# Led Lights



## bizzy323 (Jan 30, 2010)

How Hot Do Led Lights Get? And How Far They Have To Be From Plants?


----------



## JustAnotherAntMarching (Jan 30, 2010)

It depends on which LEDs your talking about...  Most can be kept within 3" off the top of plants... but then you get no spread and very little penetration...

I went the LED route first myself and regret wasting time and money on it... 

Take a look at my journal theres to of pics of my journy from LEDs to T5's and HPS...


----------



## PUFF MONKEY (Jan 30, 2010)

hey JAAM, i thought you did a good job with them(for what they were).but i agree with your post above....LED's blow..skip that idea bizzy and go the floro/HPS route...you'll thank us.


----------



## JustAnotherAntMarching (Jan 30, 2010)

PM  thanks for the shout out...  

LEDs will grow you bud but... 
1. plants grow slower then with T5's
2. not much light gets to the lower branches so very little bud growth down low
3. buds never get very dense

Dont get me wrong, LEDs will grow you some dank... but when you smoke it all in 2-3 weeks your 2-3 months away from the next harvest...


Bizzy how large is your grow space????


----------



## moaky (Jan 30, 2010)

just what brand did you use? and when did you use them? i have been researching them and it seems that the technology has gotten alot better with certain brands.  there is a you tube video
hXXp://www.youtube.com/watch?v=zNfm7XSxVPs&NR=1
that shows great looking buds that seem really dense. so it would help me and others that are interested if we heard the brand and when.  maybe the technology has gotten better.  its a big investment to find out what you found out.  ive been talking to people and they said the same thing you did.  airy buds.  but they bought their lights 2 years ago.  thank you for the info you have already given.


----------



## bizzy323 (Jan 31, 2010)

well now i got a 600watt in a 2x4x5 but i was thinking about getting another 2x2 tent and where i stay there is alot of heat so during summer that becomes a big issue


----------



## JustAnotherAntMarching (Jan 31, 2010)

MOAKY I purchased my UFOs about 1 year ago...  they were 6th generation 80:10 ratio of red to blue and use Bridgelux and Hi-Opto LEDs (im not sure if that spelling is right. This info is all in my journal)...

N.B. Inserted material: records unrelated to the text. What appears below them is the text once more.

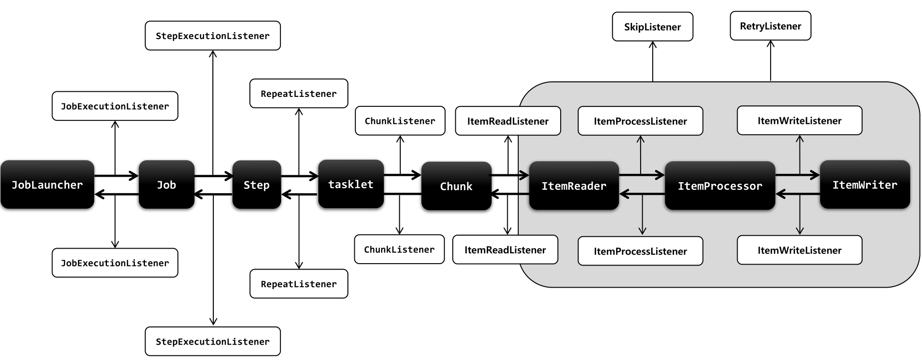 - 배치 흐름 중에 Job, Step, Chunk 단계의 실행 전후에 발생하는 이벤트
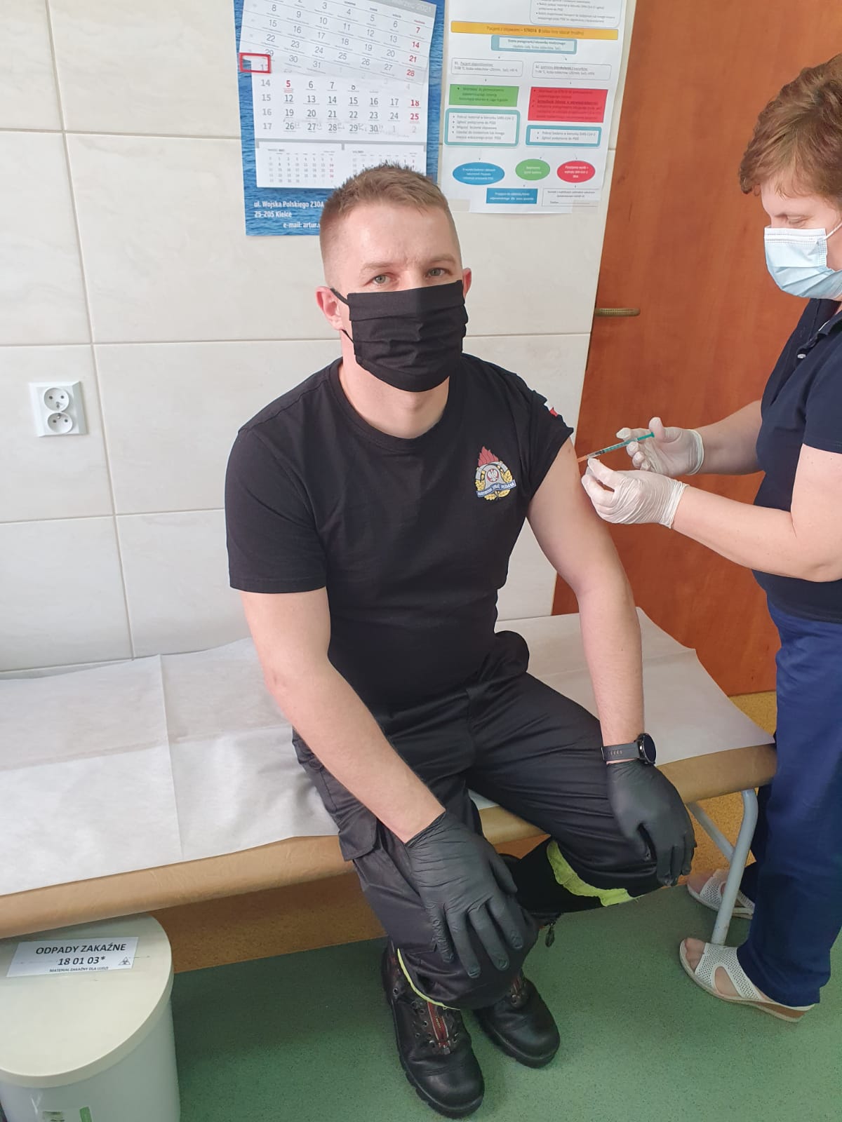 Pierwszą dawkę szczepionki przyjęli zarówno funkcjonariusze Komendy Powiatowej Państwowej Straży Pożarnej w Jędrzejowie jak i druhowie z ochotniczych straży pożarnych.
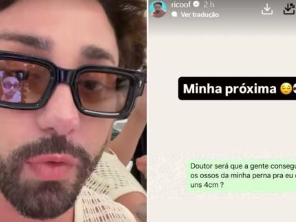 Em seguida, Rico deixou claro que a ideia não é brincadeira e faz parte de seus planos para 2026: “A minha próxima cirurgia esse ano é diminuir a minha altura. Estou procurando um profissional que faça esse tipo de procedimento, que é serrar os ossos das pernas e reduzir 4 cm. Eu me acho muito alto, então tenho essa vontade”, afirmou.
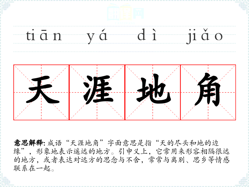 - 文学作品:在古典诗词中,常用来描绘离别之情。如李白的《静夜思》中,虽然没有直接出现“天涯地角”,但表达的情感与之相似。
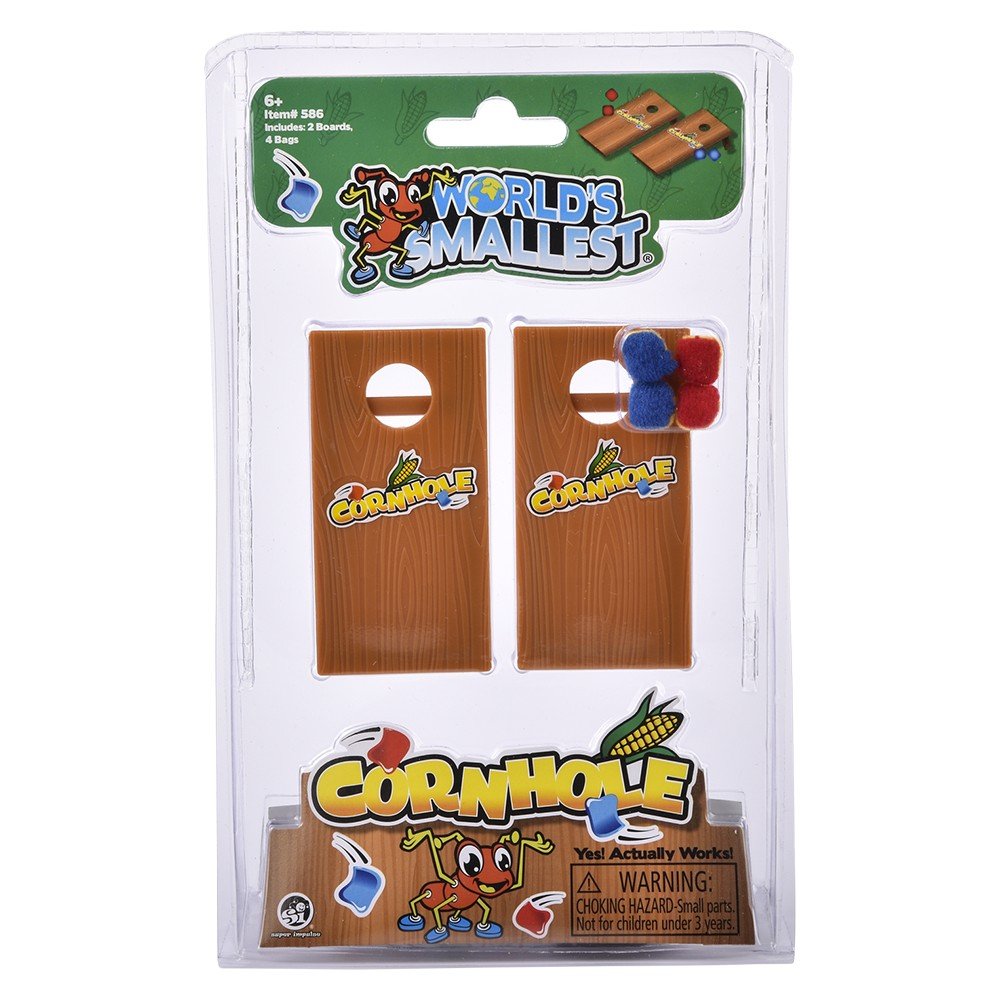 Yes it really works!! Get your game on with this World’s Smallest Cornhole Game. Tight for space? No worries this cornhole game has you covered. Includes 2 slope boards and 4 bags. Age 3+. Master Case 48pcs.
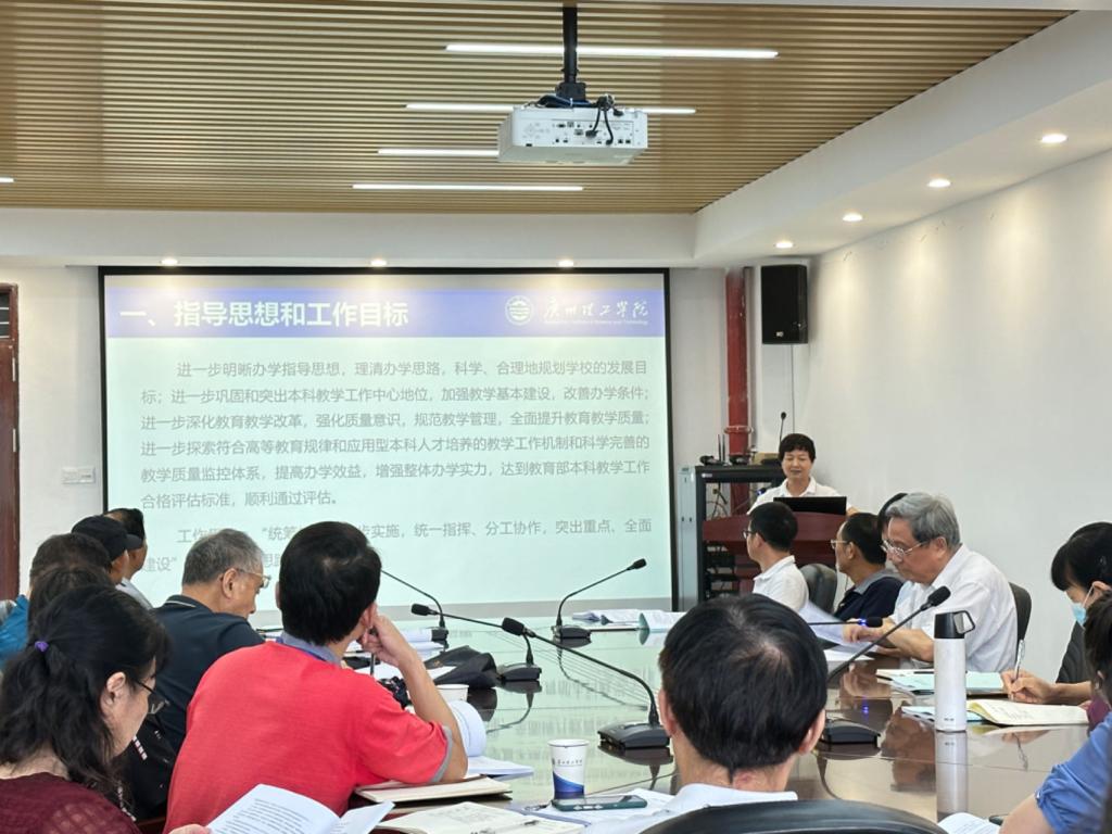 张世梅宣读了《广州理工学院本科教学工作合格评估实施方案》。随后,她对我校本科教学工作合格评估作了具体部署,重点布置了近期教学评估的工作任务:一是要认真研读《本科教学工作合格评估知识手册》,学深学透学活;二是要调研同类院校,学习借鉴已通过合格评估的院校的宝贵经验;三是要求各部门制定细则,精准施策;四是层层动员,全员参与,责任到人;五是坚持标准,不折不扣,高质量高起点高标准制修定各项规章制度;六是建好网站,加大宣传,形成合力,形成围绕本科教学工作合格评估的强大合力和共同意志。

Like i said LEDs can and will grow you dank... IMO veg time anflowering time are both extended and the yield will half of its potential with other lighting methods...

Bizzy  are your planning on vegging or flowering with the LEDs?


----------



## The Hemp Goddess (Jan 31, 2010)

moaky said:
			
		

> just what brand did you use? and when did you use them? i have been researching them and it seems that the technology has gotten alot better with certain brands.  there is a you tube video
> hXXp://www.youtube.com/watch?v=zNfm7XSxVPs&NR=1
> that shows great looking buds that seem really dense. so it would help me and others that are interested if we heard the brand and when.  maybe the technology has gotten better.  its a big investment to find out what you found out.  ive been talking to people and they said the same thing you did.  airy buds.  but they bought their lights 2 years ago.  thank you for the info you have already given.



I wouldn't believe all that I see and hear on somewhere like youtube.  They are trying to sell those lights after all.  Also, IMO, that simply did not look like a 600+g grow.


----------



## moaky (Jan 31, 2010)

The Hemp Goddess said:
			
		

> I wouldn't believe all that I see and hear on somewhere like youtube.  They are trying to sell those lights after all.  Also, IMO, that simply did not look like a 600+g grow.



ya thats a pretty good point.  i dont' think it was a 600g grow either i was just noticing the dense flowers.  and when they were showing the flowers they only showed the tops of the plants.


----------



## The Hemp Goddess (Jan 31, 2010)

moaky said:
			
		

> ya thats a pretty good point.  i dont' think it was a 600g grow either i was just noticing the dense flowers.  and when they were showing the flowers they only showed the tops of the plants.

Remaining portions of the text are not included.